Ullah A H, Sethumadhavan K
Southern Regional Research Center, ARS, USDA, 1100 Robert E. Lee Boulevard, New Orleans, Louisiana, 70124, USA.
Biochem Biophys Res Commun. 1998 Oct 9;251(1):260-3. doi: 10.1006/bbrc.1998.9456.

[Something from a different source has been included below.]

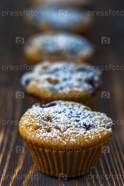 Кексы с черной смородиной, стоя в ряд

Myo-inositol hexasulfate (MIHS), a structural analog of the substrate myo-inositol hexaphosphate, is a potent competitive inhibitor of both phyA and phyB enzymes. The Ki of inhibition for the phyA and phyB proteins were estimated to be 4.6 and 0.2 microM, respectively. Thus, the phyB protein is 23-fold more sensitive to MIHS inhibition than the phyA protein. The active-site geometry of phyB protein is presumed to be very different from the phyA protein as deduced by chemical probing of the enzymes by Arg-specific modifiers, i.e., 1,2-cyclohexanedione and phenylglyoxal. Probing the catalytic site of the same proteins by this newly developed specific inhibitor also gives a similar conclusion.
肌醇六硫酸盐(MIHS)是底物肌醇六磷酸的结构类似物,是phyA和phyB酶的强效竞争性抑制剂。对phyA和phyB蛋白的抑制常数(Ki)估计分别为4.6和0.2微摩尔。因此,phyB蛋白对MIHS抑制的敏感性比对phyA蛋白高23倍。通过精氨酸特异性修饰剂(即1,2 - 环己二酮和苯乙二醛)对酶进行化学探测推断,phyB蛋白的活性位点几何结构与phyA蛋白非常不同。用这种新开发的特异性抑制剂探测相同蛋白的催化位点也得出了类似的结论。